Canonical URL: <https://datadriven.io/problems/the-weight-of-the-book>

Domain: Python · Difficulty: medium · Seniority: mid

## Problem

An asset-allocation report needs each asset class placed in order of how much money sits in it, where several `holdings` can carry the same `asset_class` and their market values add up. Assign each class a position starting at 1 for the class holding the most total value, and when two classes hold the same total, give the alphabetically earlier name the stronger position. An empty book has nothing to place.
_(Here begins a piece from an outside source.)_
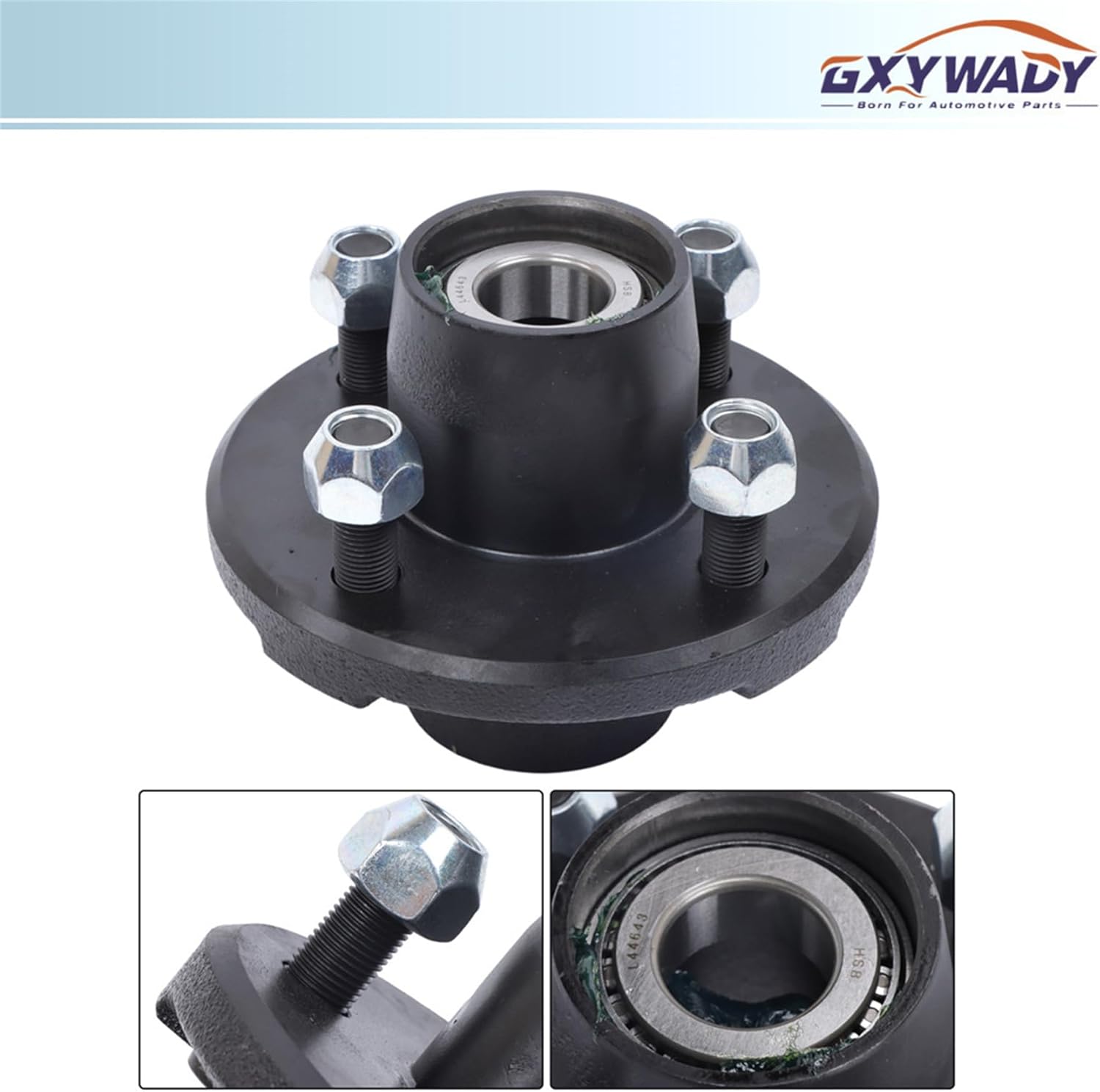 2 Sets Pre-Assembled 4 on 4 Inch Trailer Hub Kit with Trailer Bearing Kit Replacement for 2000 lbs 1 Inch SpindlePackage includes:2 x 4 on 4" plated axle hub4 x L44643/L446102 x oil seals2 x dust covers with rubber plugs8 x 1/2"-20 nuts2 x split pins2 x spindle nuts2 x spindle washers2 x rubber plugs

## Worked solution and explanation

### Why this problem exists in real interviews

This is a group-then-order problem wearing a portfolio report's costume, and the whole thing balances on one line: the sort key. Anyone can sum market values into a dict keyed by asset class. What separates candidates is the tie-break, because the ordering runs in two directions at once: total value from highest to lowest, but equal totals from A to Z. Reach for a plain reverse=True on the totals and you flip the names too, so every tie comes out backwards. That is exactly the row the interviewer plants to see whether you actually thought about ties or just eyeballed the happy path.

> **Trick to solving**
>
> Encode both directions in a single compound key: sorted(totals, key=lambda cls: (-totals[cls], cls)). Negating the total sends the biggest book to the front while leaving the name to sort ascending. One sort, both rules, no reverse flag.

---

### Break down the requirements

#### Step 1: Fold holdings into per-class totals

Several holdings share an asset class, so you cannot order the raw records. Walk the list once and accumulate into a dict with totals.get(cls, 0) + value. This is the step a plain sort of the input can never do for you, and it is why the answer needs a dict at all.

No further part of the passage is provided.